Camilla Christoforou purchased Pretty Special, a daughter of Resolve-Pretty Craft, from the consignment of Deal and Ashley Wilson who also raised the youngster. The filly has a trio of siblings that have banked in excess of $100,000 including half-brother Publicity Seeker (1:55.2 - $262,825).

Hip 149 Century Jazz, a Bettors Delight-Strike A Chord colt, was a $56,000 purchase by Gestion Jean Yves Blais Inc of Montreal, QC. Consigned and raised by Century Spring Farms, he’s he full brother to the stakes-winning Century Invictus (1:55.2 - $29,691).

Hip 142 Northern Charlotte, consigned by Erinwood Equine Inc. and raised by Northfields Farm Inc., was a $55,000 purchase by Camilla Christoforou. The Muscle Mass filly is the second foal out of Shestheonetowatch. She’s a sister to a set of $100,000 winners including Drama Free (1:55.1 - $202,811).

Hip 152 Century Jupiter brought a final bid of $50,000 from George Millar of Stouffville, Ont.
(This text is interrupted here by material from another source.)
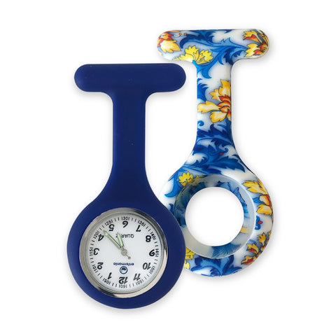 Silicone Nurse Fob Watch Glow in the Dark Sky Blue + Teal Colourful Flowers Silicone Extra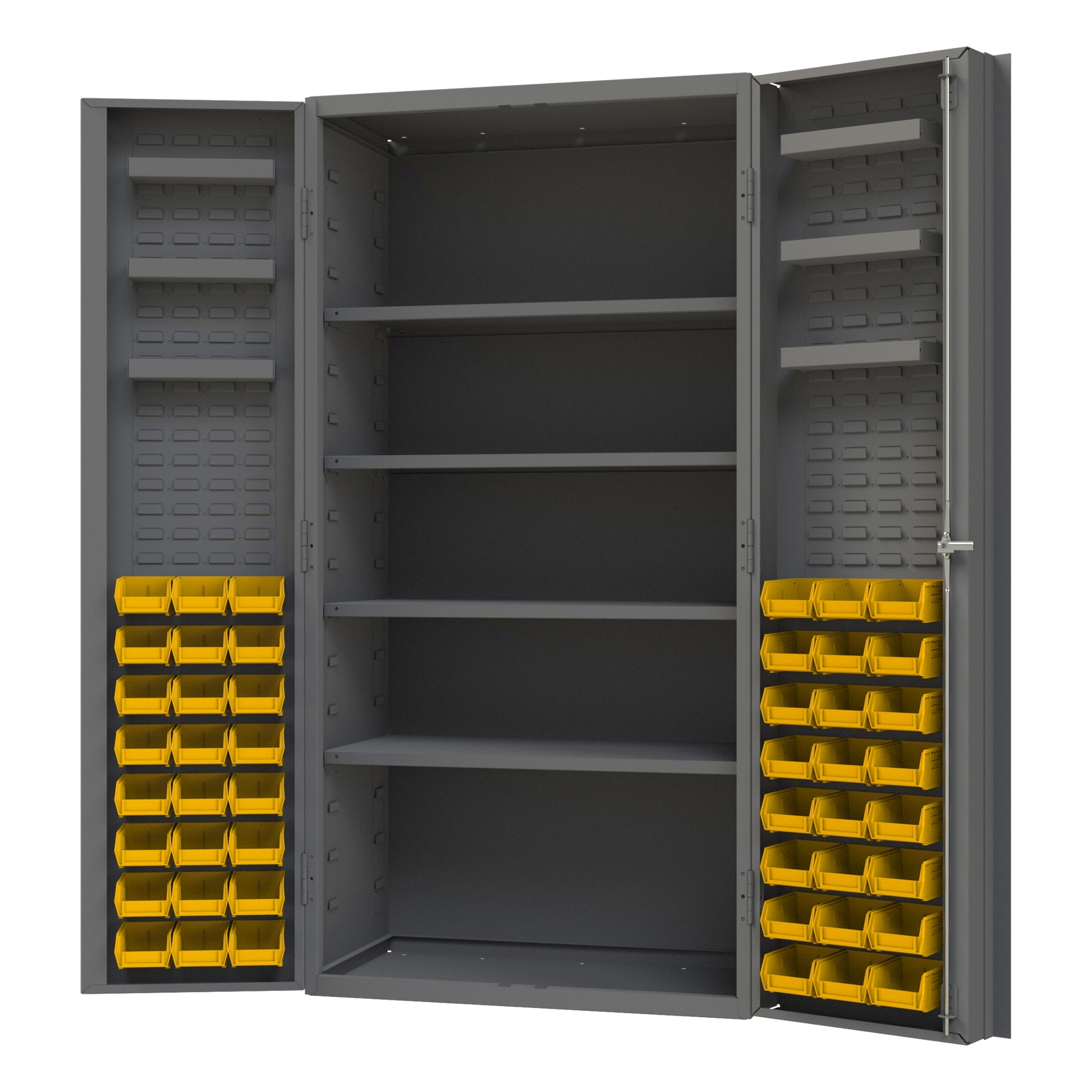 Heavy Duty Cabinet, 14 Gauge, 36 x 24 x 72, 4 Adjustable Shelves, 48 Yellow Bins, 4" Deep Box Doors with Louvered Panel, 6 Door Shelves, Lockable, Chrome Handle with Keys, Gray

The Bettors Delight-Sunshine Patriot colt is the half-brother to Ladylike (1:53.2 - $105,858).

In total, 146 yearlings were sold for total sales of $4,357,000 and an average price of $29,842. Last year saw 102 yearlings sell for $3,312,990 and an average price of $32,480.

"I think that the horses sold fairly, and that there were good prices for what was offered," said sale manager Ann Straatman. "I think that the consignors would be happy with the prices they got. Everybody wants a little more, but I think that the buyers were happy too with the prices they had to pay and the horses that were available."

Straatman was pleased to see the activity on the bidding side, a much different element from the traditional live auction setting.

"Very active bidding, a lot of participation. Every horse that was auctioned had multiple bids, right to the end, and even past their time...a lot of people trying out some strategies on what would get their opponent to stop bidding, I think. And I'm not exactly sure what works, but it's like a big reveal at the end, who you are bidding against if you were not the successful bidder. So I think there's that element of surprise, and I'm really happy with the participation. There were quite a few new buyers, so thrilled to have more people trying this type of venue."

Going forward, Straatman stated that there's a good chance the London sale will continue to embrace a virtual audience in some form.

"I want to be able to speak to the buyers and consignors, just to get a perspective from both sides. I've had a lot of positive feedback this year, which I'm really happy about. I do think that this is something that will always be incorporated into the London sale, and it's just a matter of how we structure it going forward but, like I said, we certainly want to get feedback from consignors and buyers.

"Most of the sales have adopted both, being able to bid online and in person. It's a speed auction then using an auctioneer, whereas this [online auction] is more methodical. You do have the time to decide if you're going to bid again, whereas at a live sale it's much quicker."

Straatman noted that the average of just under $30,000 average this year, compared with $32,480 one year ago, is still an "excellent" number.

"I'm so happy with the number of horses we had, the number of consignors and new consignors who tried it this year, and the participation from the buyers, of course, is paramount to being successful."